Athlete

I've never been great shakes in the exercise department, but having hit 105kg over 2010, I need to shed a lot of weight.  But my physical gifts (modest as they are) lend themselves to strength exercise.  I am a bit knock-kneed.  I have high arches and short feet - not great for running.  I also have a sweet tooth and have traditionally exercised very little self-control*.

So my options are:

  • humble home gym ("power tower", dumbells, barbell and bendy-barbell with modest weight available)
  • pilates class (+pilates homework)
  • humble work gym (no long bars, but some machines, some benches, crappy old exercise bikes and some space to do floor work)
  • ride to work (about 15km, about 40 minutes).

I'd really like to get a pair of runners and do a little running, but I guess we'll see.  I need to master my recovery this year.  Exercise seems to interfere with my sleep in a few different ways, and I also want to remember flexibility, balance and coordination.

So far, I'm doing OK.  It's easy enough to work out at home and there are enough opportunities to ride to work, and satisfying the Id with exercise seems to provide the will power to go easy on the sweet items.  After working out almost every day from 30 Jan to 10 Feb, I'm at the end of my fourth day without exercise and I realise that it is making me feel surly .

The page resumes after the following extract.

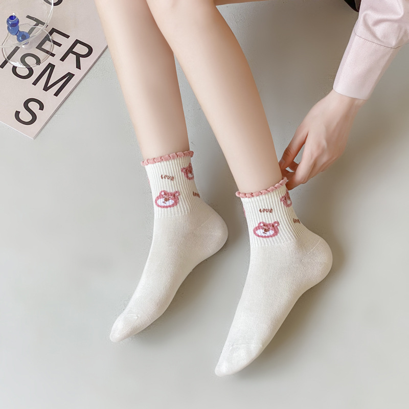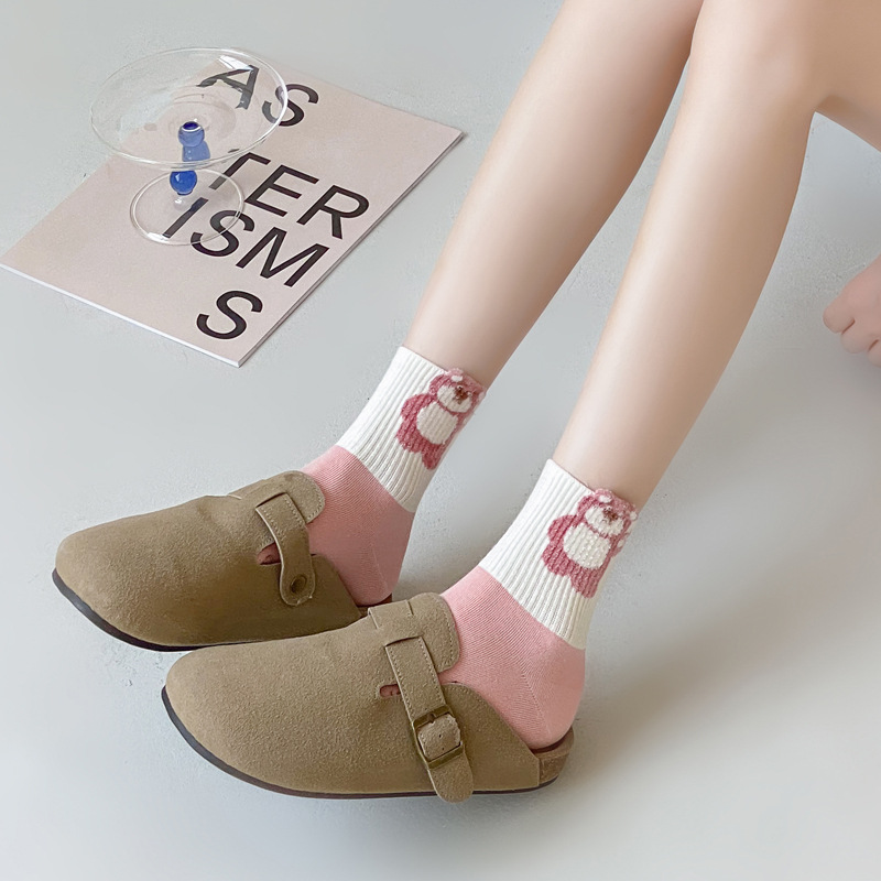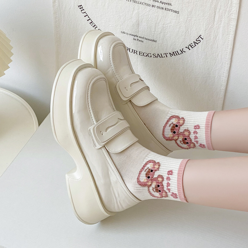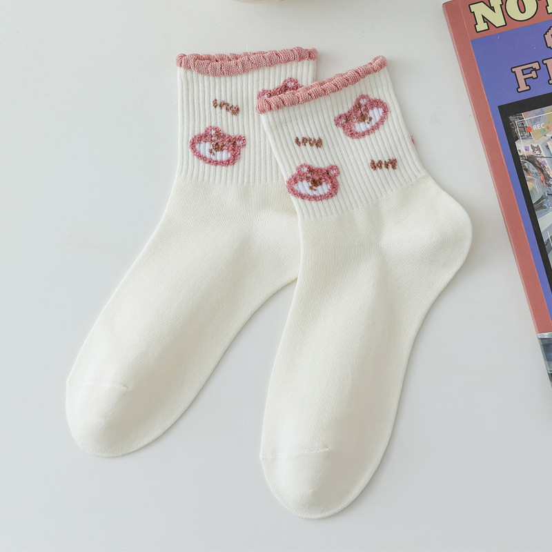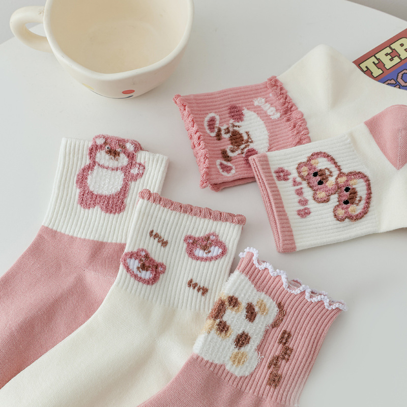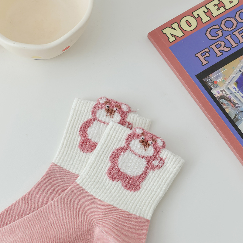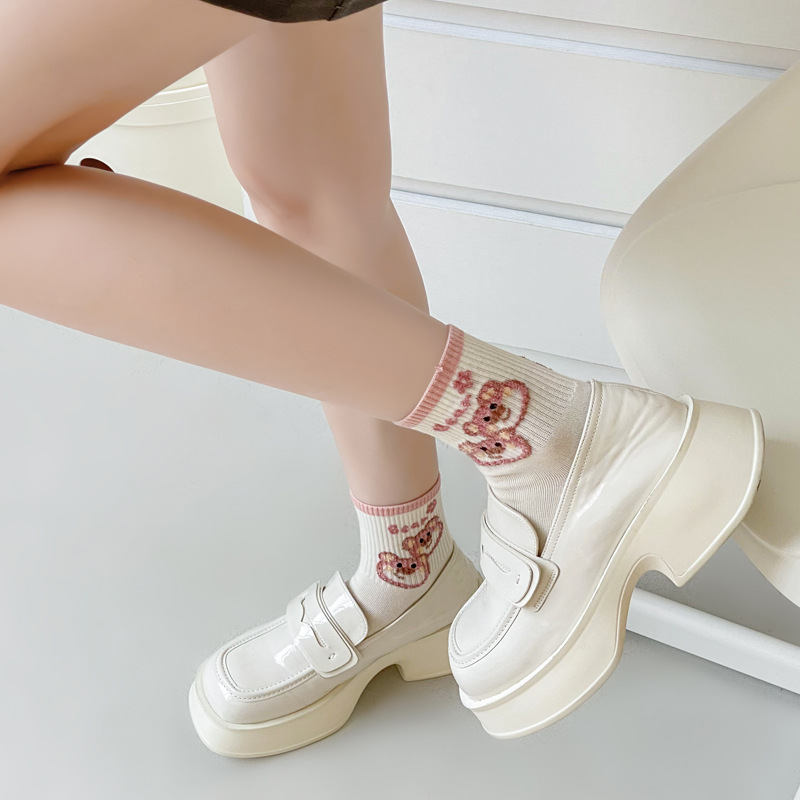批发羽毛纱袜子女春秋日系秋冬款甜美可爱粉红熊卡通中筒袜

*taking a philosophical position of assuming that there's no way of knowing how long one lives, and whether tomorrow will bring good things or bad, so you better enjoy everything that life offers regardless of how much you'll pay later, because you have to discount it by all possible risks of death before you pay, of which there are many. This is actually not true, but we all do it more or less.  The truth is that tomorrow will almost always be pretty consistent with today, and how you get through today will be how you get through tomorrow.  If ever tomorrow is very different, you'll be able to worry about that when you see what it is actually like.